Is China Claus about to deliver a heart-warming ending to the euro crisis?
That is the latest hope of the financial markets, which have rallied around promised Chinese support of Europe’s scramble to find a solution to its debt problems. But gifts from the world’s most aggressive trader often come with costly strings attached.
Wang Qishan, vice premier of China, said Tuesday that China had taken “concrete actions” to help some European countries. A Portuguese newspaper reported this week that the Chinese are preparing to buy some Portuguese bonds, helping to cool a simmering financing crisis on the euro zone’s periphery.
The news helped boost two modest rallies in the U.S. stock market and stabilized the euro, which has been sliding for seven weeks against the dollar, at around $1.31.
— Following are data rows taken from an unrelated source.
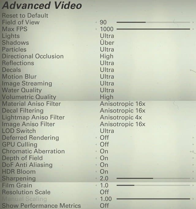 Большинство остальных параметров в игре вызывают изменение в скорости рендеринга на 5% и менее, в том числе отключение всех постфильтров (почти не дает прироста), изменение качества рендеринга поверхности воды (влияет, но исключительно в некоторых локациях), регулировка качества декалей Decals, изменение качества отрисовки частиц Particles (те самые 5%), ухудшение качества объемного освещения Volumetric Quality и так далее — все они хоть и оказывают некоторое влияние на FPS, но не слишком большое.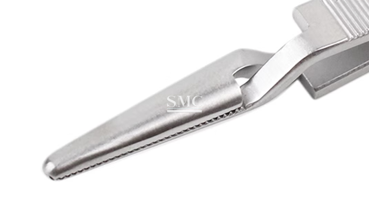 Micro vascular clamps are U- or V-shaped, with locking clips or consisting of a pair of blades superimposed at the end, and are made of metals such as titanium alloy and stainless steel. During surgery, doctors can use micro vascular clamps to clamp bleeding points and stop bleeding by clamping blood vessels or tissues and blocking blood flow. The sharp tips of the clamping jaws allow for easy clamping of blood vessels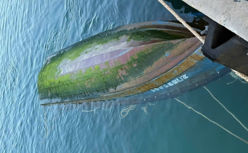 Chiếc thuyền bị lật, trôi dạt vùng biển đặc khu Cồn Cỏ. (Nguồn: Biên phòng Cồn Cỏ)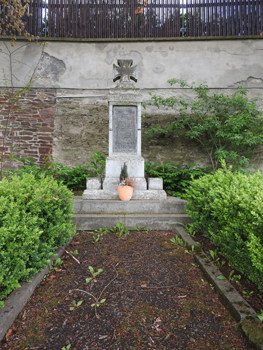 An der Frontseite eine Metalltafel mit den Namen der Gefallenen.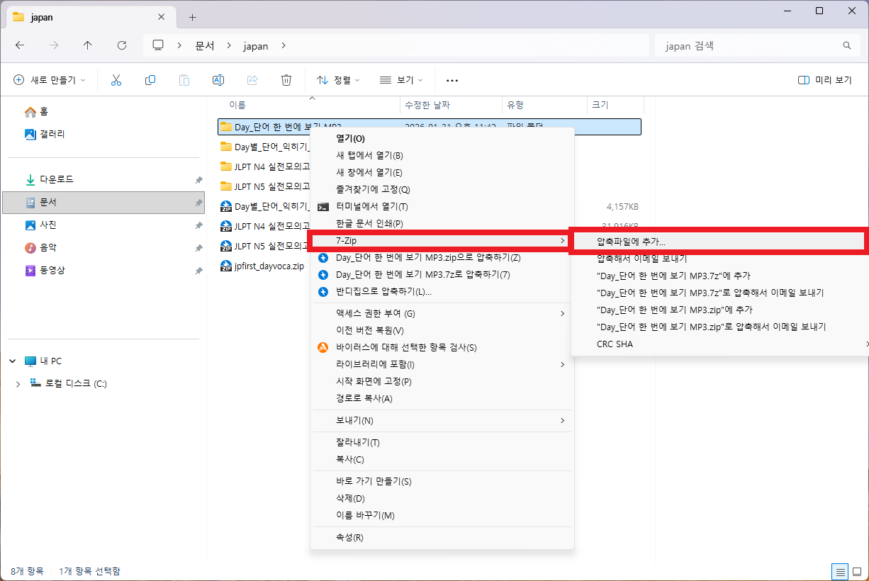 - 중요 문서들이 담긴 폴더를 우클릭하고 7-Zip -> 압축 파일에 추가를 선택합니다.

It seems plausible that Chinese buying of euro bonds could make a difference for stressed-out European borrowers, given China’s trade surplus-driven financial might and the modest immediate financing needs of Portugal.
Should China buy, say, 4.5 billion euros ($6 billion) worth of Portuguese bonds, it would in one fell swoop satisfy half of the country’s refinancing gap for 2011, FT Alphaville notes.
What’s more, a purchase of that size hardly seems outlandish: Mark Williams, an economist at Capital Economics in London, writes that even conservative assumptions suggest China has been taking down $7 billion to $8 billion a month in euro-denominated assets this year, just as a matter of course.
Yet this gift may not keep on giving. China agreed this summer, for instance, to buy some Spanish bonds. That helped to assure the success of a key debt auction, though China demanded in return that European ministers publish the results of their bank stress tests – an effort that is now widely regarded as something less than an overwhelming success, given that Spain and other weaker euro economies are now back in the soup.
What’s more, as FT Alphaville’s Joseph Cotterill asks this week, is what’s the quid pro quo this time? The mind boggles, because, as Howard Simons of Bianco Research has been saying, bringing the Chinese in to help clean up messes in Western financial markets has a, let’s say, mixed track record.
He points to the unofficial accord reached in the summer of 2008, in the days before Hank Paulson started waxing on about his bazooka. That one kept China buying U.S. debt and supporting the dollar in exchange for what turned out to be a two-year pause in the yuan’s appreciation against the dollar.
At the time, this deal seemed to offer everyone something: China got a bit of exchange-rate relief for its politically powerful exporters, Europe got an end to the surge in the value of the euro that was bringing domestic economies to heel, and the U.S. got to stop worrying its biggest creditor would pull back from its nervous debt markets. The way was paved for a continuation of global growth, surely?
But two months later, what we got instead was a global financial meltdown.
Of course, there is no shortage of moving parts in global finance and it would be unfair to blame the bazooka accord for what followed. But it’s also hard to ignore that deals like the one apparently being pursued by China and Europe have costs as well as benefits — and that any deal that delays European leaders’ reckoning with their structural problems is likely to register in the final accounting as a cost.
It would obviously be nice to avoid a default in Portugal, but Chinese bond buying alone is not the solution to anyone’s problems.